Pengertian Dan Tujuan Asesmen
Asesmen merupakan proses mengumpulkan, menganalisis, dan meng-interpretasikan data atau informasi tentang peserta didik dan lingkungannya. Kegiatan ini dilakukan untuk mendapatkan gambaran tentang berbagai kondisi individu dan lingkungannya sebagai bahan dasar untuk memahami individu dan untuk pengembangan program layanan bimbingan dan konseling yang sesuai dengan kebutuhan.
Melalui asesmen yang dilakukan kepada mahasiswa, akan diperoleh data-data yang berguna untuk lebih mengenal dan memahami kondisi mahasiswa. Data-data yang dikumpulkan adalah : identitas mahasiswa seperti nama, jenis kelamin, tempat dan tanggal lahir, alamat tempat tinggal, pendidikan; latar belakang keluarga; karakteristik mahasiswa, seperti aspek-aspek fisik terkait dengan kesehatan dan keberfungsiannya, kecerdasan, motif belajar, sikap dan kebiasaan belajar, minat-minatnya terkait dengan pilihan studi lanjutan, bidang pekerjaan, olah raga, seni, dan keagamaan, masalah-masalah yang dialami, kepribadian, atau tugas-tugas perkembangannya.
TUJUAN ASESMEN
Tujuan asesmen adalah untuk mendapatkan data- data tentang mahasiswa secara lebih luas, lengkap, dan mendalam sehingga diperoleh gambaran tentang mahasiswa tersebut secara komprehensif.
1. KEDUDUKAN ASESMEN DALAM BIMBINGAN DAN KONSELING
Asesmen memiliki kedudukan yang strategis dalam kerangka kerja bimbingan dan konseling. Karena memiliki posisi sebagai dasar dalam perancangan program bimbingan dan konseling yang sesuai kebutuhan, dimana kesesuaian program dan gambaran komprehensif mahasiswa dapat mendorong pencapaian tujuan pelayanan bimbingan dan konseling yang diberikan. Melalui asesmen yang dilakukan kepada mahasiswa akan diperoleh gambaran permasalahan yang dihadapi mahasiswa yang mencerminkan adanya kebutuhan yang diperlukan, sehingga dapat dijadikan acuan untuk menyusun suatu program layanan bimbingan dan konseling yang berorientasi pada kebutuhan mahasiswa. Demikian pula dengan asesmen yang dilakukan terhadap lingkungan pendidikan mahasiswa diharapkan dapat memperoleh informasi tentang kebutuhan lingkungan mahasiswa terhadap layanan bimbingan dan konseling. Data-data yang dapat dikumpulkan antara lain tentang: harapan lembaga pendidikan dan masyarakat (tenaga pengajar dan orang tua mahasiswa), sarana dan prasarana pendukung program bimbingan dan konseling, kompetensi yang diharapkan dimiliki mahasiswa melalui layanan bimbingan dan konseling, kualifikasi tenaga bimbingan yang tersedia, dan kebijakan lembaga pendidikan.

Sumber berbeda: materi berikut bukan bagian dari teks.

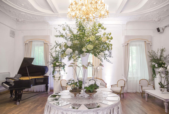 Особняк в Гранатном переулке, более известный как «Дом архитектора», был построен в 1896 году для Анны-Луизы Леман – супруги почетного гражданина, банкира Роберта Лемана. Готический стиль и аутентичное внутреннее убранство здания — прекрасная декорация как для классической, так и для концептуальной и современной свадьбы. В особняке «Леман» есть просторный банкетный зал с белоснежными стенами, изысканными люстрами, колоннами в барельефах и витражом. Интерьер зала позволяет воссоздать любую креативную задумку. На первом этаже также расположена просторная белая гостиная со старинным камином и роскошной лепниной на стенах и потолке, объединенная с более камерной розовой гостиной. Они подойдут для небольших уютных мероприятий или фуршета рядом с большим банкетным залом. Украшение особняка – сохранившаяся деревянная лестница, которая ведет на второй этаж и служит местом для фотоссессии и свадебной церемонии. На втором этаже в арочной галерее находится синяя гостиная с белыми колоннами и антикварными канделябрами. Безукоризненную красоту готического интерьера синей гостиной дополняют три стрельчатых окна. На втором этаже также расположен большой концертный зал, интерьер которого выдержан в классическом стиле: белые потолки с лепниной, балюстрада с колоннами над линией окон и большие скульптурные рельефы с изображением древнего римского города — главная особенность зала. Кинозал рассчитан на 150 человек и расположен на третьем этаже особняка. Он объединен с выставочным залом, имеет стационарную сцену, оснащен удобными мягкими креслами, большим экраном, комплектом мультимедиа и звукового оборудования. В новой части особняка расположен выставочный зал, рассчитанный на 500 человек. Он был открыт после реконструкции в 2013 году и представляет собой просторную, светлую площадку со сценой и потолочным освещением. Зал не имеет внутренних колонн и перегородок, что легко позволяет размещать стенды и крупногабаритный декор, а также зонировать пространство.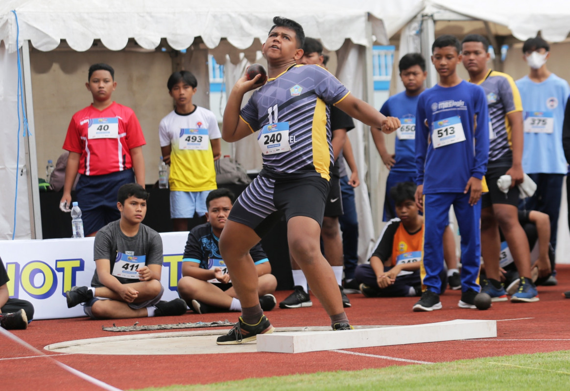 Masraka Raihan (SMPN 2 Tempel) menjadi pemenang di nomor tolak peluru putra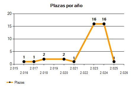 En los siguientes gráficos se puede ver la evolución del número de convocatorias y plazas convocadas para la profesión de Cerrajería de los últimos años pudiéndose observar un crecimiento y una caída del 0,00% desde el año 2016 hasta el 2025 en número de convocatorias y un crecimiento y una caída del 0,00% en número de plazas convocadas.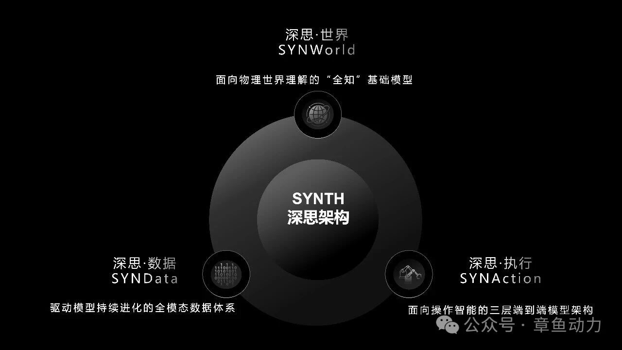 具体到SYNTH深思架构,包括面向操作智能的模型架构深思·执行SYNAction,面向物理世界理解的“全知”基础模型深思·世界SYNWorld,以及驱动模型持续进化的全模态数据体系深思·数据SYNData。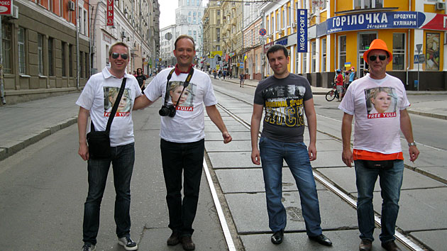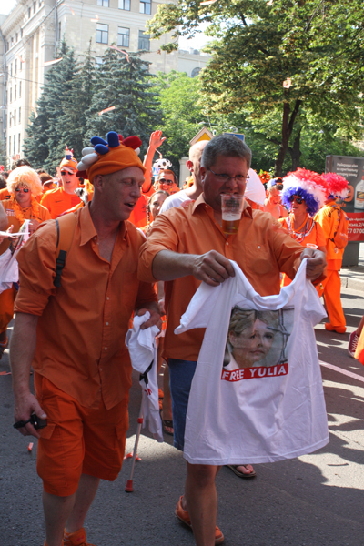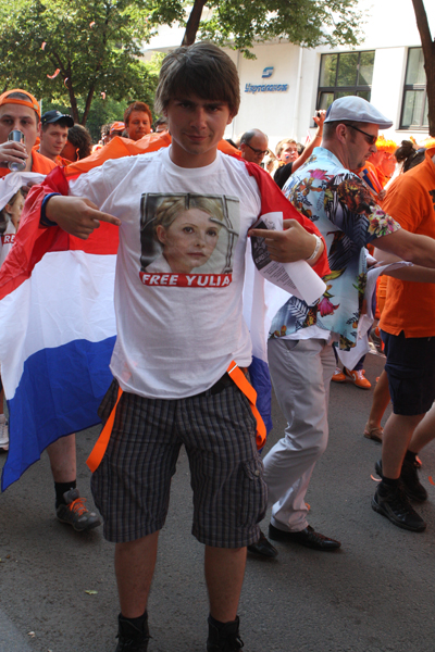 Напомним, в субботу, 9 июня 2012 года в Харькове многие голландские фанаты во время шествия через весь город на стадион "Металлист" одевали футболки «Юле – волю!».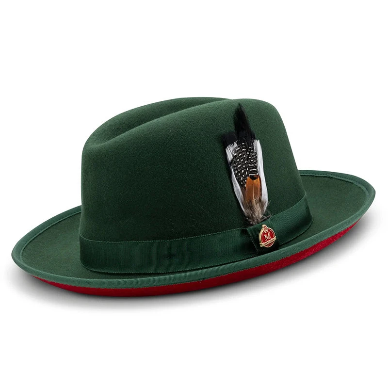 Hunter Green 2 ¾” Brim Red Bottom Wool Felt Dress Hat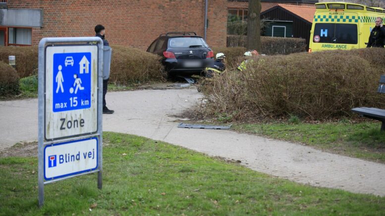 Bil brager ind i hæk i boligkvarter: Redningsmandskab ankommet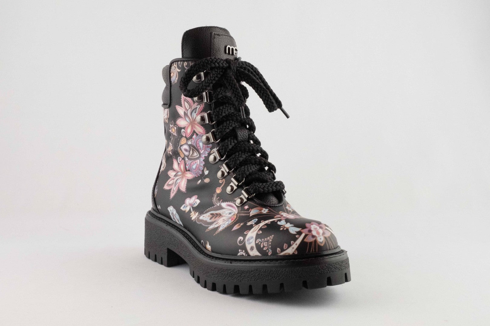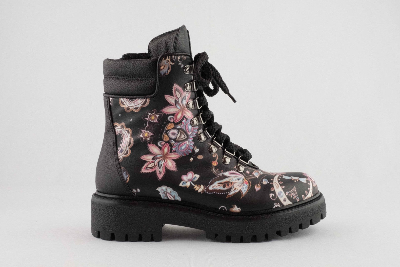 Thick lace and floral design leather accent add a rock edge to our exclusive black calfskin combat boots. Crafted in Italy, they feature a rounded toe, side zip closure, and chunky rubber lug sole. Make them the centerpiece of your new casual yet bold outfits.

2. BENTUK - BENTUK ASESMEN DALAM BIMBINGAN DAN KONSELING
Asesmen dalam bimbingan dan konseling dibedakan menjadi asesmen teknik nontes dan asesmen teknik tes. Asesmen teknik nontes lebih sering digunakan oleh petugas bimbingan dan konseling karena prosedur perancangan, pengadministrasi-an, pengolahan, analisis dan penafsirannya relatif lebih sederhana bila dibandingkan dengan asesmen teknik tes. Bentuk-bentuk asesmen nontes adalah : Daftar Cek Masalah ( DCM ), Alat Ungkap Masalah ( AUM ), Alat Ungkap Masalah Belajar (AUM PTSDL), Sosiometri, Wawancara, Observasi, dan Inventori Tugas Perkembangan ( ITP ).
Sedangkan asesmen tenik tes digunakan oleh petugas bimbingan dan konseling yang telah memiliki sertifikat untuk menggunakan asesmen teknik tes. Kondisi ini bukan berarti petugas bimbingan dan konseling yang belum/tidak memiliki sertifikat tidak dapat menggunakannya, upaya yang dapat dilakukan adalah dengan cara bekerjasama atau melakukan referal kepada lembaga psikologi yang memiliki kewenangan tersebut. Lembaga psikologi akan melakukan tes psikologis sesuai dengan kebutuhan dan akan menyerahkan hasil analisisnya.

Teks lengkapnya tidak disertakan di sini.